What does $w' := <M'>$ mean in this context? Is it just that $M'$ is a Turing Machine that is encoded by $w'$?
Notice that Turing Machines are powerful enough to simulate other Turing Machines. We encode Turing Machines $M$ as words $\langle M \rangle$ and we can formulate the Halting Problem as a word problem for the language $L=\{\langle M \rangle \epsilon \langle \omega \rangle\ |\ M \text{ halts on input } \omega\}$ whereby $\langle M \rangle$ and $\langle \omega \rangle$ are encodings for $M$ and $\omega$ and $\epsilon$ is a separator.
First denote $(M, \omega)$, whereby $M$ is a Turing Machine and $\omega$ some word of our input alphabet of $M$. Then the encoding of such a pair is often denoted by $\langle M, \omega \rangle$.

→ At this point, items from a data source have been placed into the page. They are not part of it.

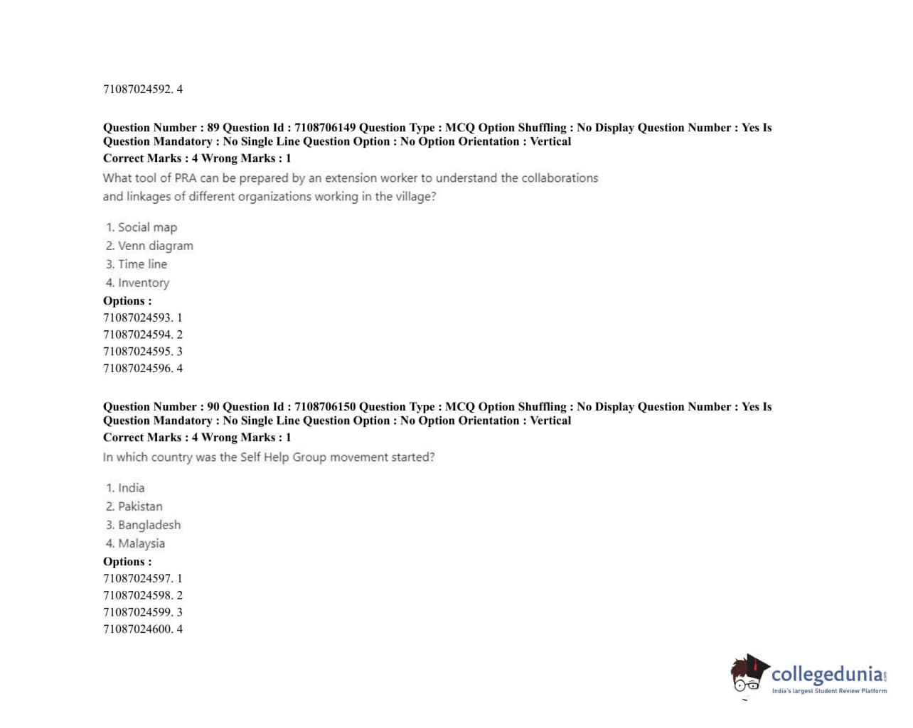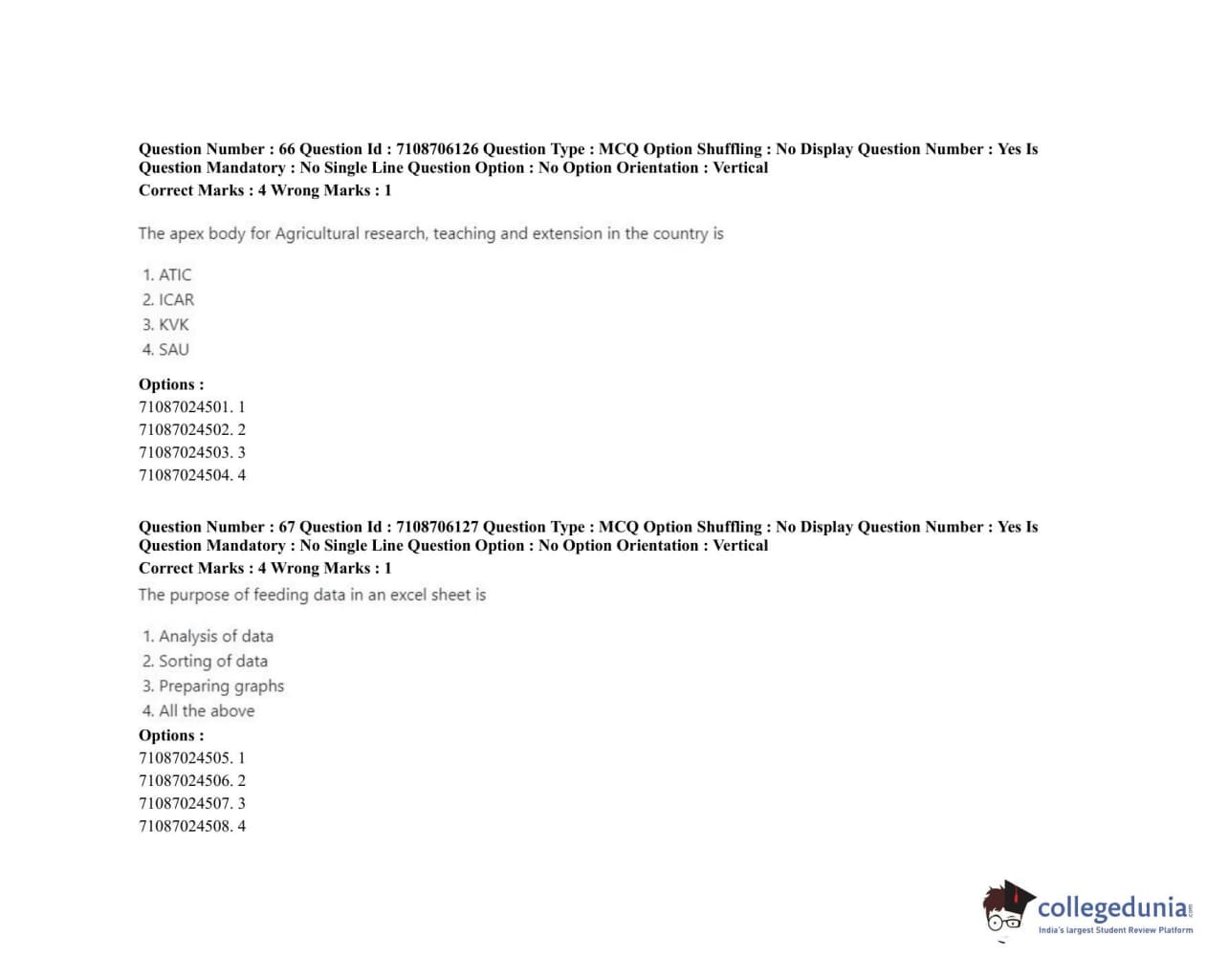 | ICAR AIEEA 2020 JRF - HOME SCIENCE EXTENSION AND COMMUNITY MANAGEMENT Question Paper PDF | ICAR AIEEA 2020 JRF - HOME SCIENCE EXTENSION AND COMMUNITY MANAGEMENT Answer Key PDF |
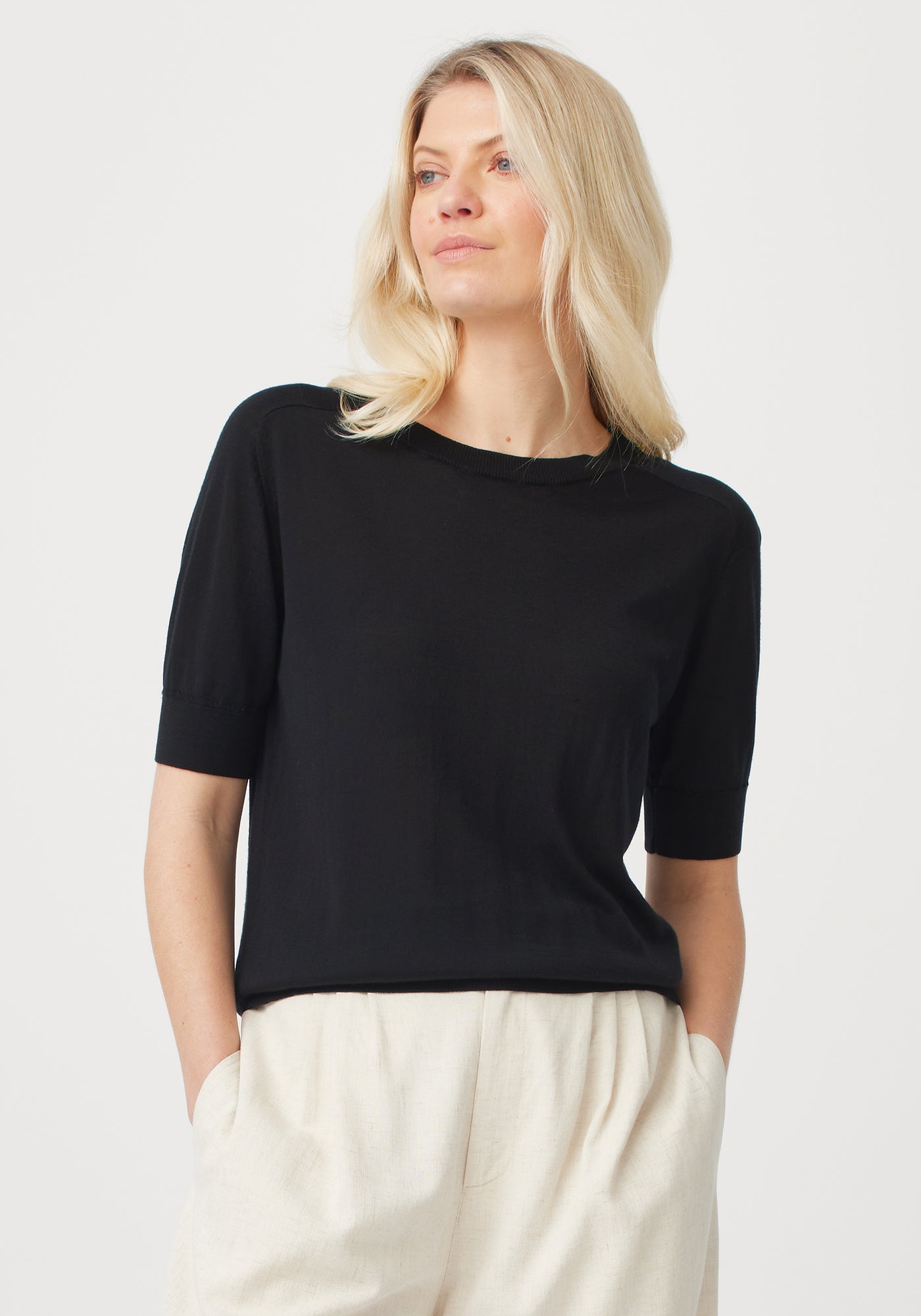 Stay cool and chic in our Tenera Knit Tee, made from our new CoolTree™ fabric. The ultrafine blend of Glenthorne merino and TENCEL™ give the garment a natural lustre, accentuated by the gentle drape of the fit.
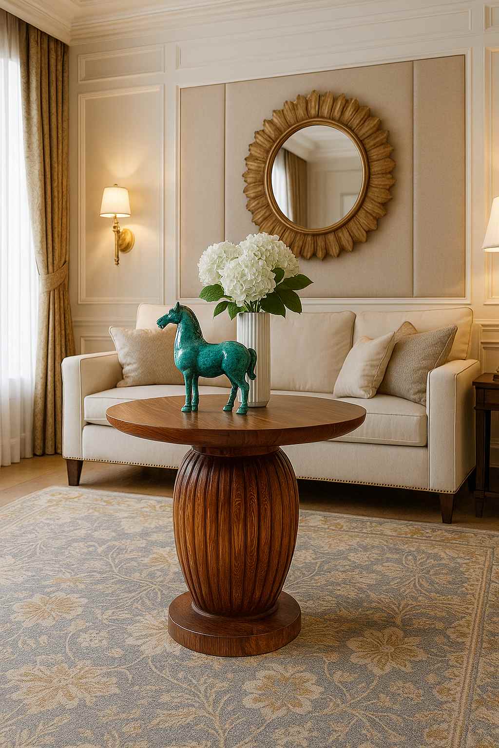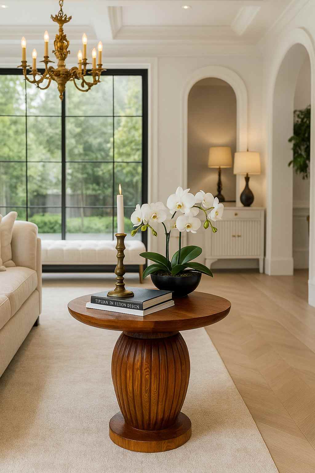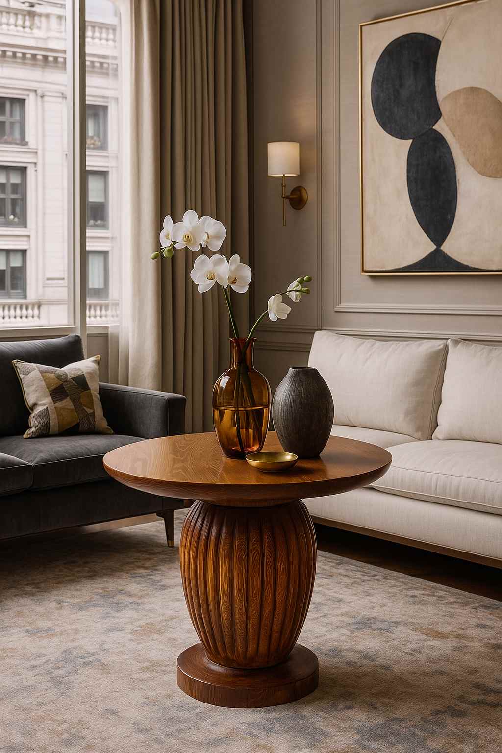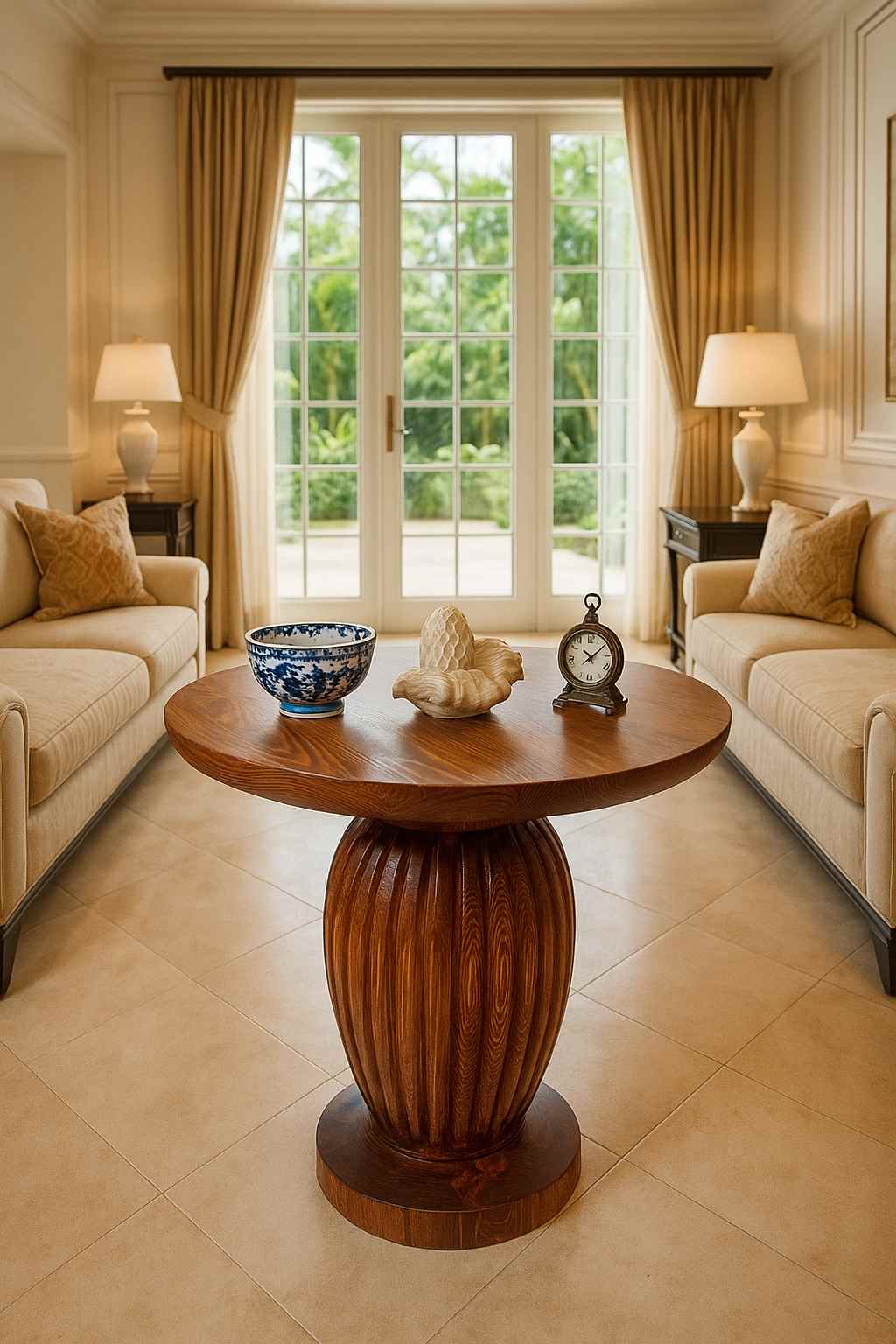 Ahşap dokusuyla sıcak bir atmosfer oluşturan bu orta sehpa, 45×55 cm ölçüleriyle hem şık hem işlevseldir. Geniş tabla kısmı günlük kullanımda avantaj sağlarken sağlam ayakları yapısal bütünlük sunar.

Since $\omega' \in \{0,1\}^*$ (which is our word encoding for which we could also write $\langle \omega' \rangle$), and $\langle M' \rangle$ denotes the encoding of the Turing Machine $M'$, it is indeed encoded by the binary word $\omega'$.
To summarize, we write $\langle M' \rangle$ to denote the encoding of the Turing Machine $M'$, and since $\omega'$ is an encoded word, $\omega' := \langle M' \rangle$ says that the encoding of $M'$ (which is $\langle M' \rangle)$ is given by $\omega'$.